There was a “canyon with a rapid of raging water” waiting and before they knew it, Kevin jumped out and swam to the bank while Yossi “afraid to let go” clung to the raft. “The water was so fast, it took me in and in the next half hour I went through so much that the raft broke to pieces, our backpacks were lost,” said Yossi, who went tumbling down the cascade, holding on to the last piece of log. “It lasted a few seconds till I reached a shore, exhilarated that I was alive.”

He didn’t break a bone or suffer a scratch, when “even a small thing would have taken away my balance and killed me”, said Yossi, attributing his survival to “sheer miracle or “divine intervention”.

Then began the uphill task of walking through the jungles for weeks in search of a trace of humanity, surviving on eggs found in bird nests or fruits that fell from trees. “It wasn’t trivial to stay alive in the rainy season without a machete, gun or fire that even the indigenous people need to survive…. I realised I had gone from being a victim to a hero.

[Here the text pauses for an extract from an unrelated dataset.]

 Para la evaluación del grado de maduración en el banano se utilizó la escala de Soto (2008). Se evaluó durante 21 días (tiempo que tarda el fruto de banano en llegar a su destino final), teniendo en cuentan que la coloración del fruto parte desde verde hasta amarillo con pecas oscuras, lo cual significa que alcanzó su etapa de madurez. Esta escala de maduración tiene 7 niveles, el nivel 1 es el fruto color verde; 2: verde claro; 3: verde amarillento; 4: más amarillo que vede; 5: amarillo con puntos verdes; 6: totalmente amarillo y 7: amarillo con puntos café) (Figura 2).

That I was stronger than I thought and my spirit was unbeatable.”

Yossi remembers going through insufferable pain before going into a state of calm when “the pain didn’t matter anymore”. It was a miracle every day as he dodged “jaguar, termites, wild boars, deadly snakes, and all kinds of insects laying larva inside my skin before I began to hallucinate… something that saved my life… this rich world of lucid dreams helped me rest and fight fear”.

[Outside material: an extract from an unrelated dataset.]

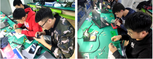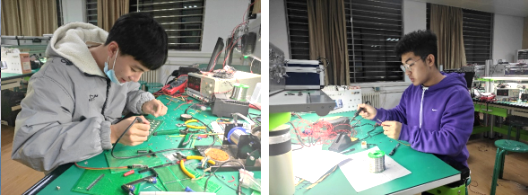 比赛过程中,实验室灯火通明,选手们紧张调试

Born to “holocaust survivors”, Yossi feels his survival instincts were partly shaped by his parents’ tales of endurance.

After 19 days in the jungles, Yossi was rescued by a search party led by Kevin. Food was the first thing on his mind. “There was dried venison on the boat, I couldn’t stop eating,” he smiled, digging into his dinner of mutton biryani and paalak corn at ITC Sonar on Friday.

Returning to ordinary life was tough as Yossi “felt disconnected”. He spent a year writing about his experience and Jungle became a bestseller. “But I needed to travel again.”

Married with four children, Yossi’s romance with the Bedouin way of life continues as he lives in tents. “I either place it on the roof, in the garden or the verandah. My wife and I sleep in the tent while my kids sleep in the bedroom…. And it’s not just a sleeping camping bag. It’s lush and permanent with a little pond next to it,” said Yossi, who even has “a beautiful Indian tent with mirrorwork that I put on the roof of my house in Israel”.

Yossi’s nomadic trail has taken him to the US, Australia and Israel, treating opium addicts, building a ranch and returning to the Amazon 10 years later “to say thank you to the people”. He stayed on for three years and built an ecolodge, Chalalan, where he was once lost. “I did it with help from the aborigines and the resort has changed the life of the entire region.” Chalalan hosted Jim Carrey, Brad Pitt and the King of Sweden last month.

Looking back, Yossi, who has shared the stage with Bill Clinton and Richard Branson as motivational speaker, “can’t believe the beauties I experienced... it was the best time of my life”.

His life is waiting to find its way to the Hollywood big screen. “The rights are with Arclight Productions (producer of the Keira Knightly-starrer Anna Karenina) but on hold because I don’t want it to be just another action adventure,” says Yossi who has written much of the script. And who tops his directorial wish list? “Sean Penn I think would be good.”

What next? “Kevin’s 64 now…. While we’re still in good health you think we should plan another expedition?” he signs off.